One of our exploratory studies  addressed the distinction between violent and non-violent forensic psychiatrically hospitalised offenders with SSD. Understanding influences and relationships regarding the drivers of violent offending could inform the development of more accurate risk assessment and violence prevention strategies tailored to individuals with SSD, since it is one of the most common diagnoses in forensic institutions. In this study, Gradient Boosting was identified as the best performing algorithm and ten indicative variables, which were applied to the validation subset (30% of the total dataset) and yielded a balanced accuracy of 67.83% and an area under the curve (AUC) of 0.76. The model showed a sensitivity of 72.73% (i.e., ability to correctly classify the cases of non-violent index offences) and a lower specificity of 62.92% (i.e., ability to correctly identify cases of violent index offences). Violent offenders were found to spent more time in forensic hospitalisation and prison settings. Our findings indicated a more severe manifestation of the psychotic disorder in violent offenders, as higher PANSS scores at admission and discharge, higher daily cumulative olanzapine-equivalent antipsychotic dosage at discharge and younger age at SSD diagnosis were found to be influential variables. Non-violent offenders were found to have more past criminal convictions than violent offenders, which may reflect a tendency for non-violent offenders to be perceived negatively through socially inappropriate and bizarre behaviour and to tend to commit minor offences, which may lead to more contact with the legal system but may also lead to more psychiatric treatment (e.g., probation) and regular supervision. Other factors found included more isolation in adulthood in non-violent offenders and childhood poverty in violent offenders. Other than PANSS scores and antipsychotic medication, all factors found are static and therefore have little or no modifiability. However, a patient’s perception of these experiences may be modified through more individualised therapeutic approaches that take into account their unique histories.
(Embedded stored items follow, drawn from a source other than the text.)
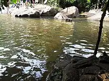 The fall, which has become a famous bathing place,[2] is situated in an estate once owned by a British and his wrecked country house can still be seen there. There is also a natural stream pool surrounded by “Ketala” plants and fern. In the nearby forest reserve, there are many migratory birds and local birds, e.g. “pale bellied flower pecker”, the smallest bird in the country.[3]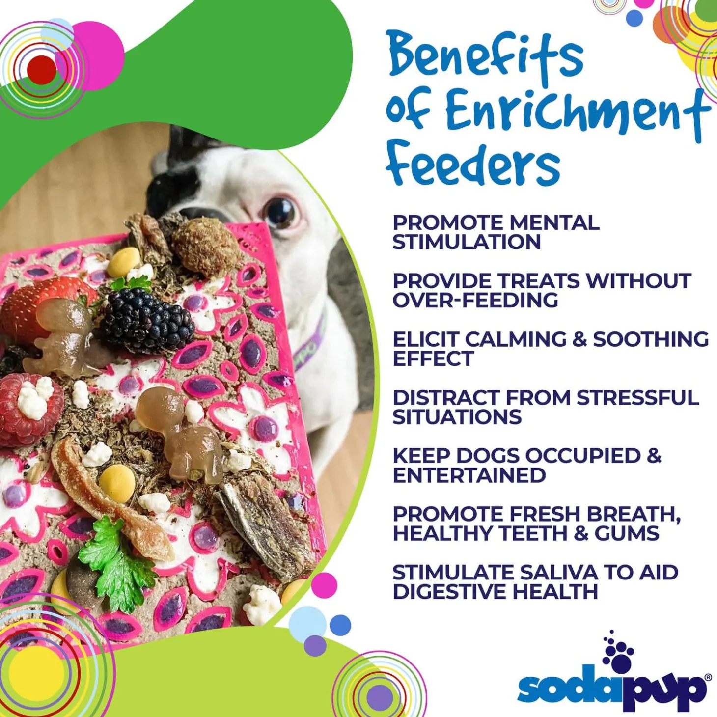 - Verdeel zacht voedsel in het likmatpatroon om een langdurige verrijkende likuitdaging voor uw honden en katten te creëren.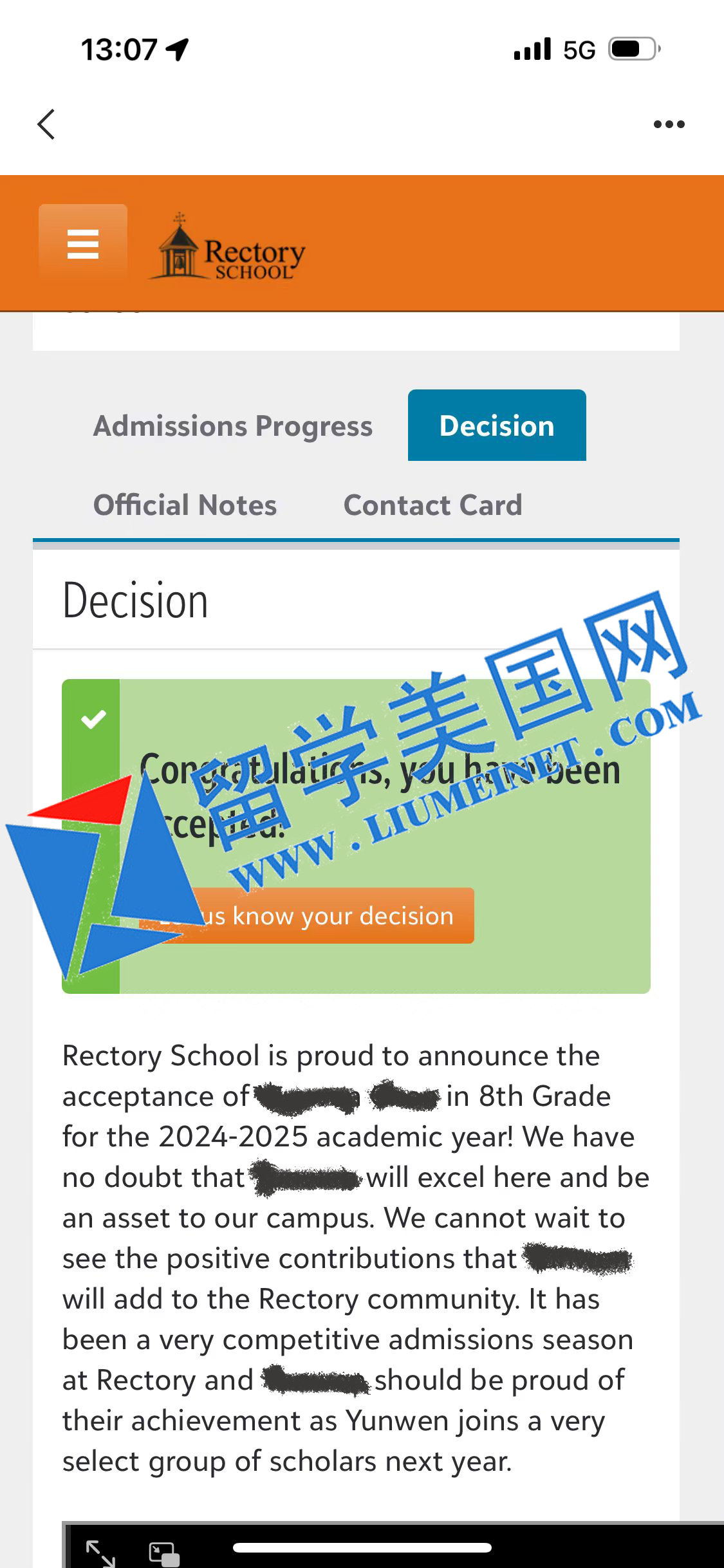 【录取喜报】恭喜留美网学子C同学斩获瑞克特瑞学校The Rectory School录取offer

In another study  we analysed whether accumulation and type of stressors in the inpatient's history influenced the severity of an offence. Employing findings of general strain theory [24–29], we analysed stressors that could be surveyed in our files and that are assumed to be probable drivers of offending. The antecedents of offending postulated by the general strain theory, namely the impossibility of achieving positive stimuli, the elimination of positive stimuli and the presentation of negative stimuli underline the role of factors that affect the probability of offending even independently of mental illness. Logistic regression revealed that more stressors led to a higher probability of committing a severe offence. Boosted Classification Trees was identified as the best machine learning algorithm and by using the five most important variables, an AUC of 0.76 was attained, as compared with an AUC of 0.83 using all 21 predictor variables. Social isolation was again found to be related to minor offences, suggesting a division between internalising and externalising coping behaviours in dealing with stressors. Also, failure in school was related to minor offences. Patients who had received coercive psychiatric treatment in the past and who were unemployed at the time of the index offence tended to commit violent offences. Furthermore, patients who had been separated from their caregivers in childhood or adolescence were found to be more prone to committing violent offences.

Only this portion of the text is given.